Слепить горшки оказалось нетрудно. Мы сделали это у ручья, который изображал Нил, когда мы искали его исток. Высушив глиняные изделия на солнце, мы обожгли их в костре, как описано в «Грязной игре». Бо́льшая часть горшков получилась такой странной формы, что они сошли бы за что угодно – за римские, греческие, египетские кувшины, даже за допотопные плошки или за осколки молочника пещерных людей, как сказал дядя Альберта. Горшки, к счастью, не пришлось потом нарочно пачкать, чтобы они выглядели ископаемыми, потому что мы зарыли их в смесь песка и ила для улучшения цвета и забыли отмыть.

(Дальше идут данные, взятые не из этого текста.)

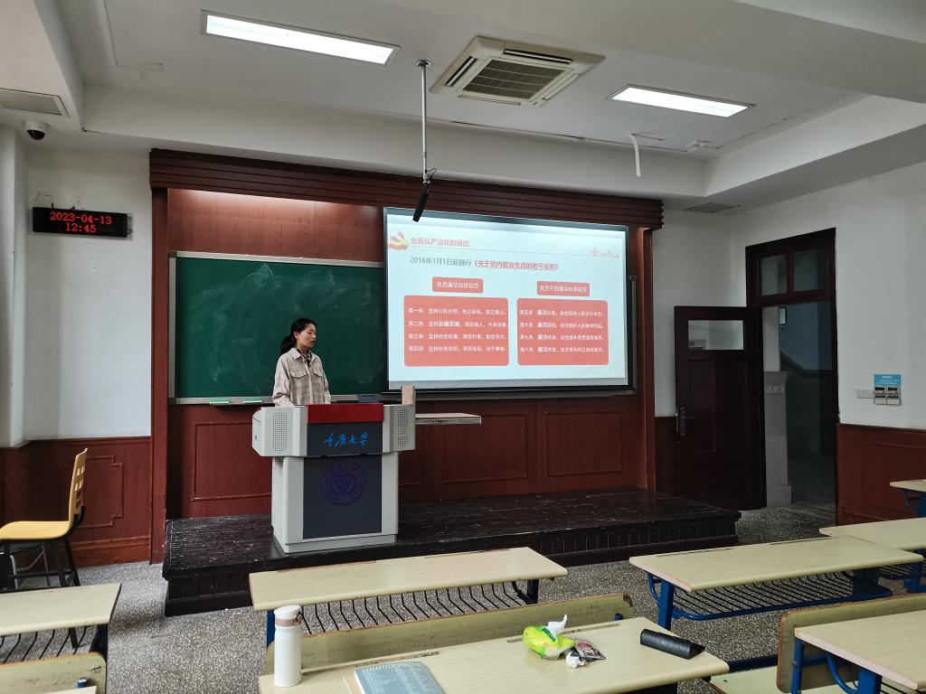 为进一步学习贯彻党的二十大精神,强化党员党性教育,提升支部成员凝聚力,提高党员思想水平,2023413日中午,本科二支部开展“全面从严治党”主题党日活动,本科二支部全体党员参加。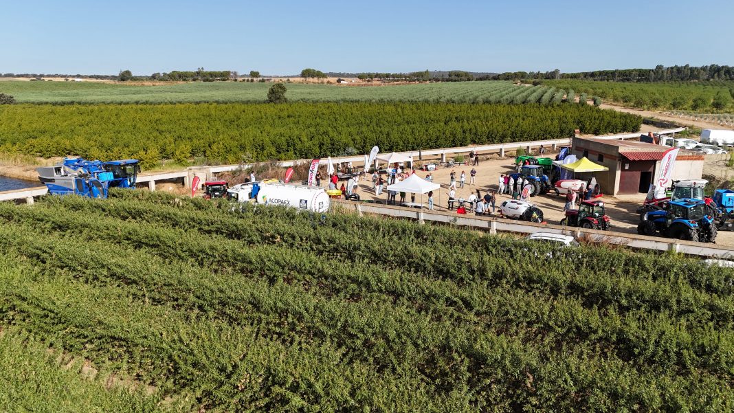 Agromillora ha celebrado este pasado miércoles una jornada de campo de demostración de la cosecha del almendro en seto, dirigida a agricultores y profesionales del sector, en la Finca Mudéjar de Torrefresneda (Badajoz).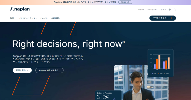 Anaplanは、Anaplan, Inc.が提供する企業向け計画プラットフォームです。ファイナンス、セールス&マーケティング、サプライチェーン、HR&ワークフォースといった主要領域の計画業務を一つの基盤に統合し、AIの活用によって部門横断のシナリオプランニングと分析を実現します。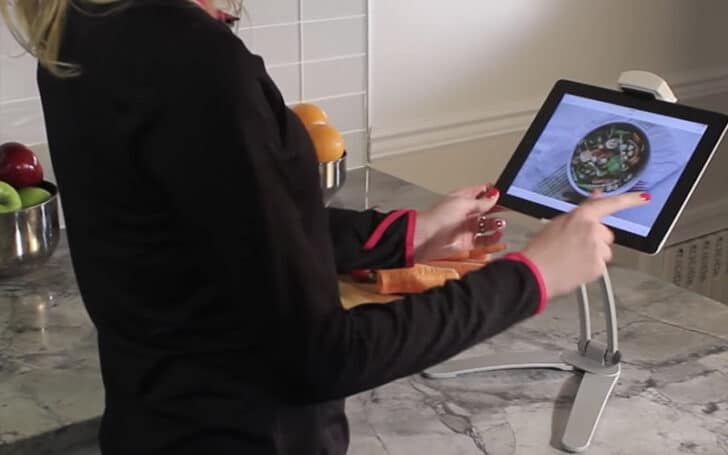 She can watch her favorite recipes or programs while cooking in the kitchen without holding the phone or tablet.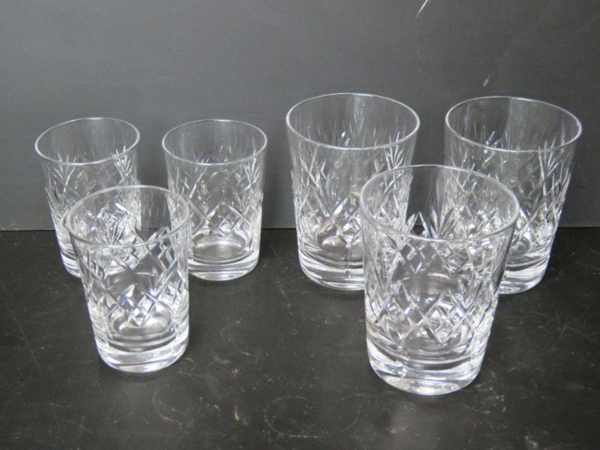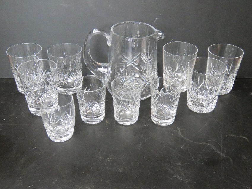 A Stuart Crystal whisky water jug together with a set of six Stuart Crystal whisky tumblers, a single Stuart small size tumbler and set of three associated tumblers.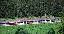 Afin de permettre l'exploitation de la ligne à longueur d'année, cinq galeries paravalanches ont été construites dans les années 1920. Elles totalisent 861 m de longueur. Elles sont complétées par d'autres ouvrages de protection : murs paravalanches, filets de protection, fils de protection des chutes de rochers[63]. Notamment, un gigantesque mur déflecteur d'avalanche en forme de chevron est installé dans le couloir des Chéserys[64]. Une digue de grande taille a été construite dans les années 1980 pour protéger la tête du tunnel des Montets côté Vallorcine.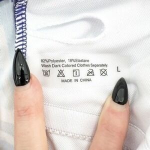 Keywords: swimsuit, bathing suit, one piece, floral, blue, white, tie shoulder, summer, beachwear, poolside, vacation, resort, athletic, fashion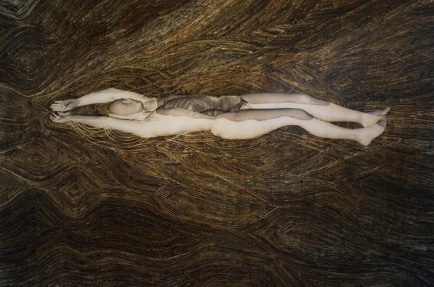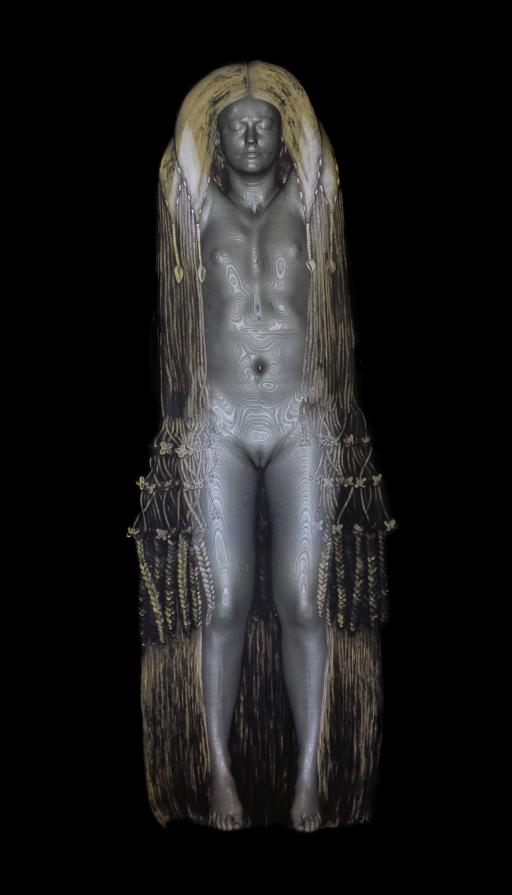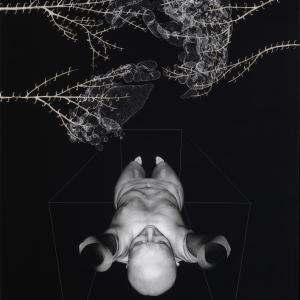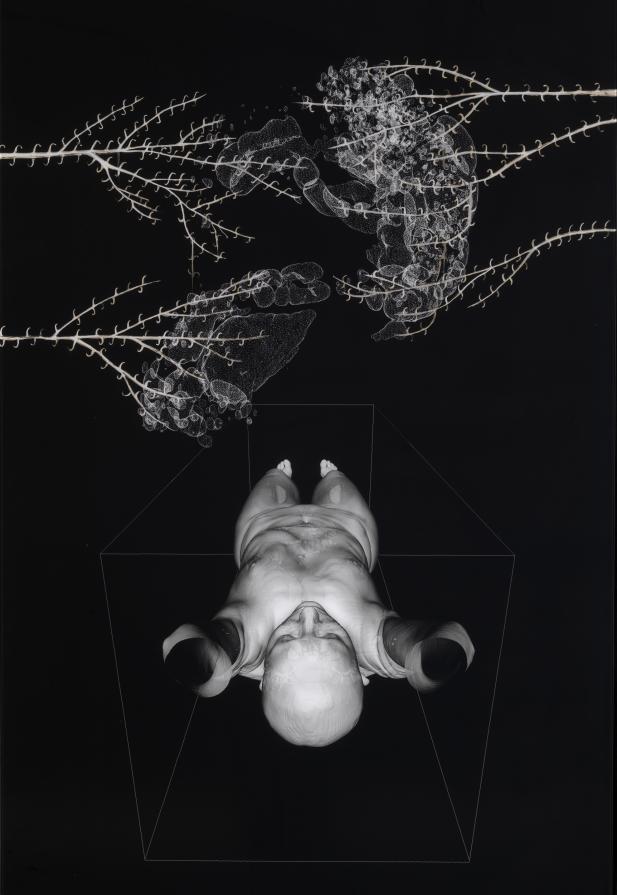 As an artist I work almost exclusively with an with an anonymised CT dataset called Melanix. Freed from having a personal relationship with the subject I work with scanned body as I would an avatar, constantly reforming and re-materialising her to suit changing ideas and impressions. Although I primarily work as a sculptor, this last series CONFUSAO is combination of digital, photography and painting; I worked with radiology software to export renderings of the scanned body that were then made into internegs to allow me to make large traditional black and white photographs that I could then paint into with photographic bleaches and inks.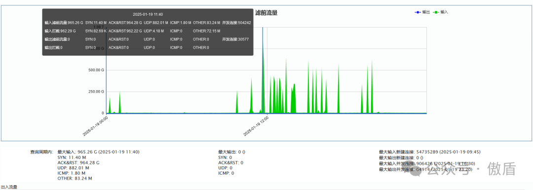 ►单次最大攻击流量965.26 G发生于 2025-01-19 11:40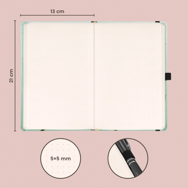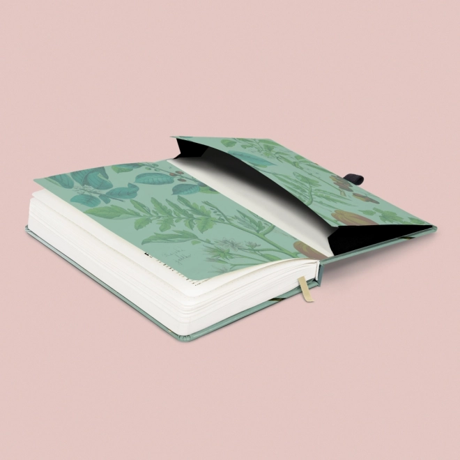 Stilni notes iz kolekcije Kateřine Winterove s retro ilustracijama ptičica razveselit će ljubitelje papira i dizajna. Nudi tvrde korice, praktično zatvaranje elastičnom gumicom, džep za sitnice i petlju za olovku. Unutra je 172 točkanih stranica na ugodnom žutom papiru veličine 13 × 21 cm – idealno za bilješke, planiranje i bullet journal.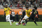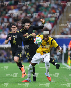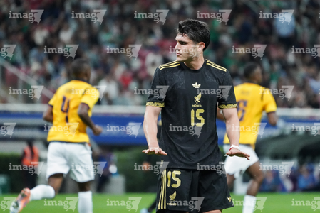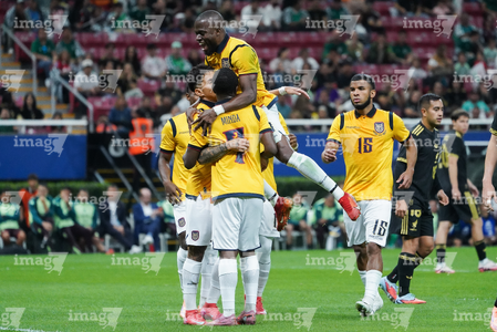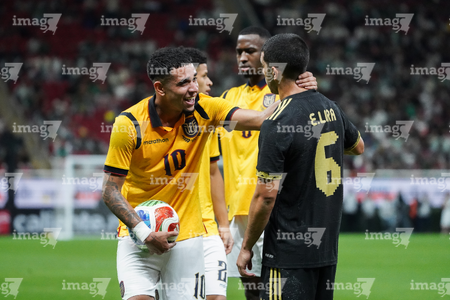 Zapopan, Jalisco, 14 de octubre de 2025. Kendry Páez en reclamo, durante un partido amistoso del MEXTOUR 2025, entre la Selección Nacional de México y la Selección de Ecuador, realizado en el estadio Akron. Foto: Imago7/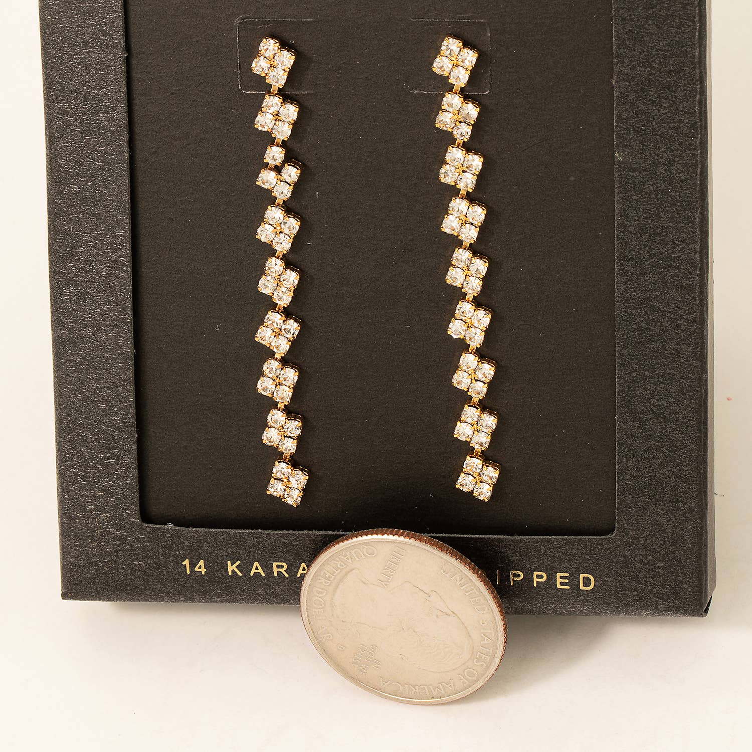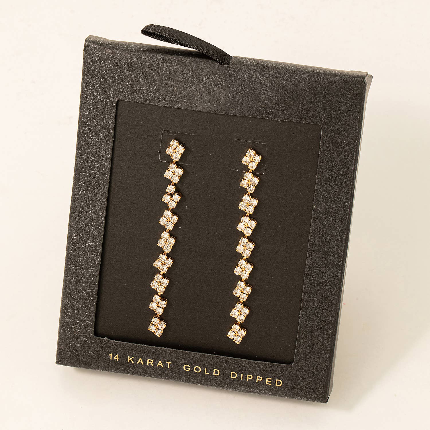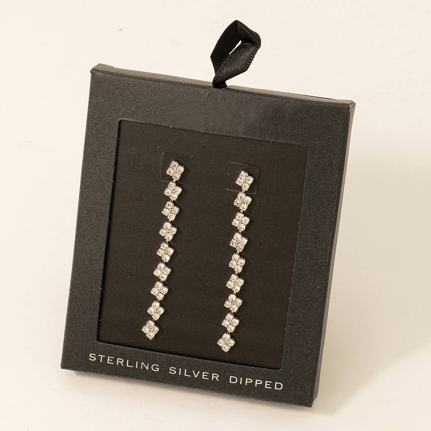 Secret Box Square Rhinestone Chain Dangle Earrings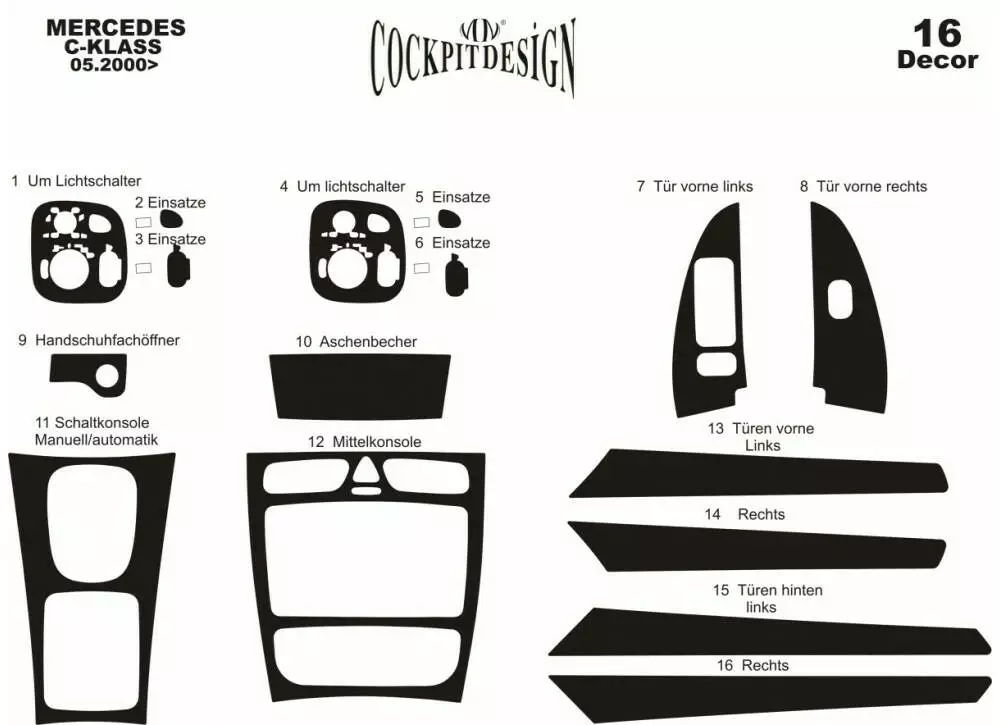Накладки на панель для Mercedes C-class W203 2000-2007рр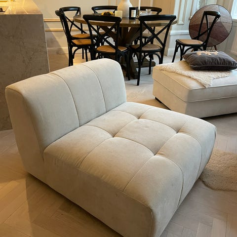 Fåtölj från Jotex i grå sammet.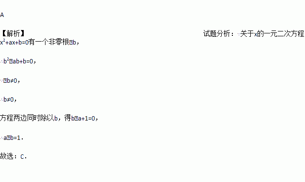 已知关于x的一元二次方程x2+ax+b=0有一个非零根﹣b,则a﹣b的值为( )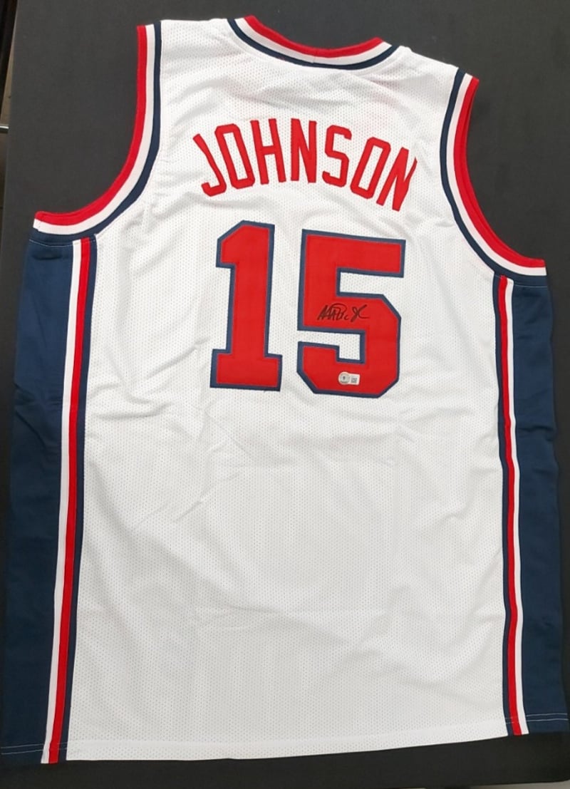 MAGIC JOHNSON USA SIGNED WHITE JERSEYSize: Xl488526+38

Совет одобрил все, что мы наваяли. Еще мы взяли несколько ржавых дверных петель, горсть медных пуговиц и напильник без ручки.
Девочки несли весь этот хлам, спрятав в передниках, а мужчины тащили инструменты, которыми собирались копать. Узнав о пользе разведчиков из книг о Трансваальской войне, мы выслали вперед Эйч-Оу и Дейзи, но в вечерней тишине на римских развалинах все было спокойно.
Придя на место, мы выставили часовых: они должны были лежать на животах на стене и длинно негромко свистнуть, если бы кто-нибудь приблизился.
Первым делом мы вырыли туннель, как тогда, когда искали сокровища и похоронили в туннеле соседского мальчишку. Копать пришлось долго, но никто не осмелится сказать, что Бэстейблы уклоняются от трудов, если на карту поставлена веселая проделка. Мы сложили принесенное барахло как можно естественней и забросали землей, чтобы курган выглядел таким же, как раньше. А потом отправились домой.
Мы опоздали к чаю, ну и ладно: горячих тостов не было, только хлеб с маслом, а он не остывает, если съесть его чуть попозже.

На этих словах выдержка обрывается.